Ознакомительная версия.
— А потом?
— Вас доставят в Софию, или прямо в Свиленград, на специальном самолете. Это даст нам возможность уточнить кое-какие вопросы, которые возникли к вам у нашей службы безопасности. А вам — прийти в себя, немного отдохнуть. Жить вы будете в отеле. Ресторанное питание, неплохой номер… Пользуйтесь нашей добротой, Смоляков. Ведь еще неизвестно, как к вам отнесутся в Москве, в НКВД.
— Но если вы отправите нас на спецсамолете, в Москве сразу же истолкуют это как свидетельство нашего предательства. То есть, получится так, что вроде бы мы все рассказали, вы нас перевербовали и со всеми почестями отправили на спецсамолете.
— Разве наши службы предлагали вам стать германским агентом?
— Нет.
— Вот видите! — Шелленберг поднялся и с минуту постоял спиной к Смолякову, осматривая часть внутреннего дворика, открывавшегося из окна его кабинета. — Так и объясните своим энкавэдистам, что о вербовке не было и речи.
— Но кто нам поверит?! — изумился Смоляков. — Особенно если вы отправите нас в Свиленград самолетом.
— Вы правы, никто не поверит. Почему они должны верить вам?
— Тогда зачем же вы решили отправлять нас отдельным самолетом?
Шелленберг наконец повернулся к нему лицом, и Смоляков мог видеть, как на еще довольно молодом, аристократически холеном лице Шелленберга заиграла садистская улыбка.
— А почему вы считаете, что мы обязаны спасать вас от энкавэдистов, поддерживать вас, блюсти ваше реноме? Почему вы так решили, господин Смоляков? Вы в течение нескольких лет руководили у нас в стране целой группой шпионов, вы завербовали в свою преступную организацию десятки германских граждан, вы нанесли урон безопасности Третьего рейха, и после всего этого требуете от руководства Имперской службы безопасности, чтобы мы оберегали вас от подозрений вашего советского гестапо?!

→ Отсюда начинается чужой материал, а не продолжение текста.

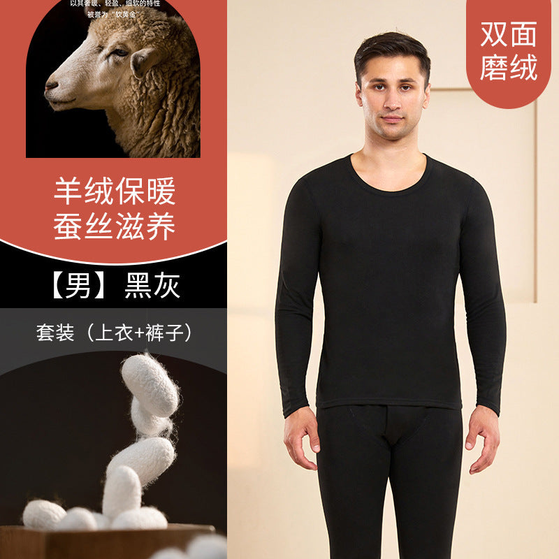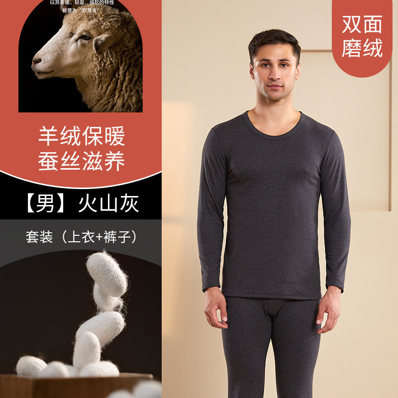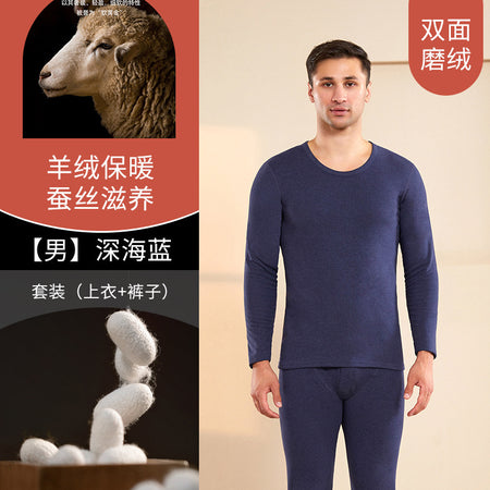 Men’s Wool & Silk Thermal Suit – Thick Fleece-Lined Winter Base Layer

Смоляков смотрел на него широко раскрытыми, испуганными глазами; челюсти его двигались, однако нужных слов он так и не находил.

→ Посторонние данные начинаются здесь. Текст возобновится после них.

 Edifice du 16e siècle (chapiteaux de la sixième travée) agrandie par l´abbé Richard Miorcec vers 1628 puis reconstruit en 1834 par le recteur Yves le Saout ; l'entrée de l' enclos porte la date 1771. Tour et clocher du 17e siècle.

— Но коль уж вы отпускаете нас…
— Ну и что? В наших кровных интересах сделать все возможное, чтобы НКВД арестовало вас, как только вы пересечете границу Союза. А затем, после пыток и издевательств, расстреляло как трусов, изменников и агентов абвера… или гестапо. Что особого значения не имеет.
— Хорошо, что мы должны сделать?
— Рассказать нам всю правду. Я же обещаю вам, что все будет представлено так, будто вы никого не выдали, наоборот, сами стали жертвой слабонервности одного из тех, кто проходит по вашему делу. Детали мы берем на себя. Никакого предательства с вашей стороны здесь уже не будет. Вы и так изобличены. Деканозов и прочие энкавэдисты вам уже не доверяют. Поэтому ваше спасение — в нашем заступничестве.

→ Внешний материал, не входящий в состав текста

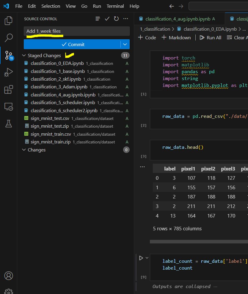 이번엔 데이터셋이 작아서 모두 올렸지만 깃 commit을 할 때 너무 큰 용량은 오류가 나버려서 꽤나 고생할 수도 있다.
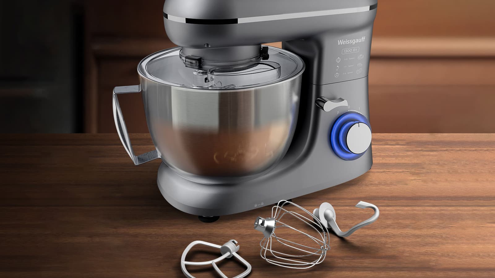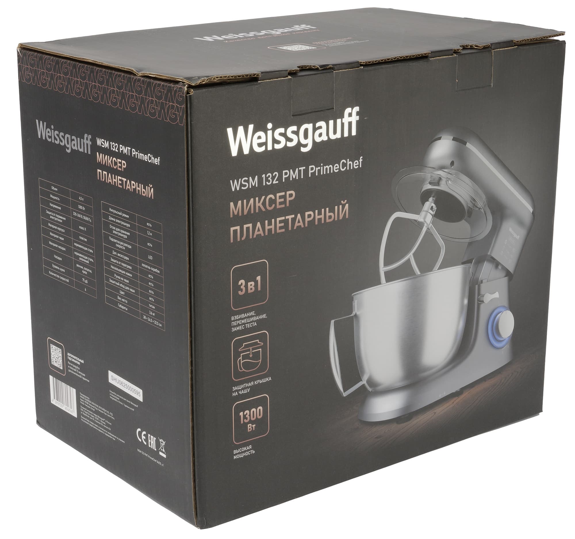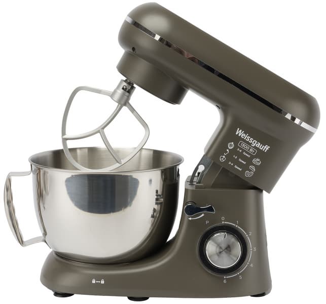 Сегодня мы обозреваем и тестируем классический планетарный миксер Weissgauff WSM 132 PMT. В комплекте к нему идут 3 привычные съемные насадки — крюк для замешивания теста, венчик для взбивания и лопатка для смешивания мягких продуктов. У прибора 6 скоростей, имеется импульсный режим, а дежа из нержавеющей стали имеет объем 4,5 литра.

С минуту Смоляков молчал. Шелленберг его не торопил. Пока русский переваривал полученную от бригадефюрера СС информацию и вырабатывал линию своего поведения, тот успел сделать пару звонков и покопаться в своих бумагах.
— Хорошо, я согласен. Зверянин, думаю, тоже согласится.
— Он уже согласился, — проворчал Шелленберг, не отрываясь от бумаги.
— Тем более.
— В таком случае самолет отменяется. Вас доставят в Свиленград машиной. В сопровождении лейтенанта Зарански. Он конечно же будет в гражданском. Ваша задержка будет объяснена вами тем, что уже под завершение вашего пребывания в Германии гестапо все еще пыталось что-либо выжать из вас, но у него ничего не получилось. Так что не следует пренебрегать такой «светомаскировкой», как рассеченная губа, бровь, подбитый глаз и синяки на ребрах. Но все это при одном условии: что с этой минуты вы будете отвечать правдиво. Раскаяний нам не нужно, раскаяние — это непрофессионально. А вот признать, подтвердить и внести ясность в некоторые… неясности — это уже вопрос взаимной профессиональной вежливости. Никаких протоколов при этом мы вести не будем. Записи будут сугубо рабочими.
* * *
Через два дня машина, за рулем которой находился один из офицеров СД, увозила Смолякова и Зверянина, двух русских дипразведчиков, на юг, в сторону Мюнхена. Когда лжедипломатов усаживали в машину, они выглядели почти счастливыми. Все прежние страхи, которые до сих пор изводили их: действительно ли германские власти отпустят их, или же вся эта затея с переездом в Берлин, отелем и задушевными беседами — всего лишь гестаповский спектакль, окончательно развеялись. Посол и Москва уже знают, что они в Берлине и что сегодня их отправляют по тому же маршруту, по которому уже проследовал спецпоезд с остальными русскими дипломатами. Перед отъездом Деканозов получил возможность поговорить со Смоляковым по телефону. Так что, уезжая, эти двое русских прекрасно понимали, что каждый километр, отделяющий их от Берлина, — это километр, отдаляющий и от виселицы, уготованной большинству агентов их разведгруппы, которые томились сейчас в подземельях гестапо.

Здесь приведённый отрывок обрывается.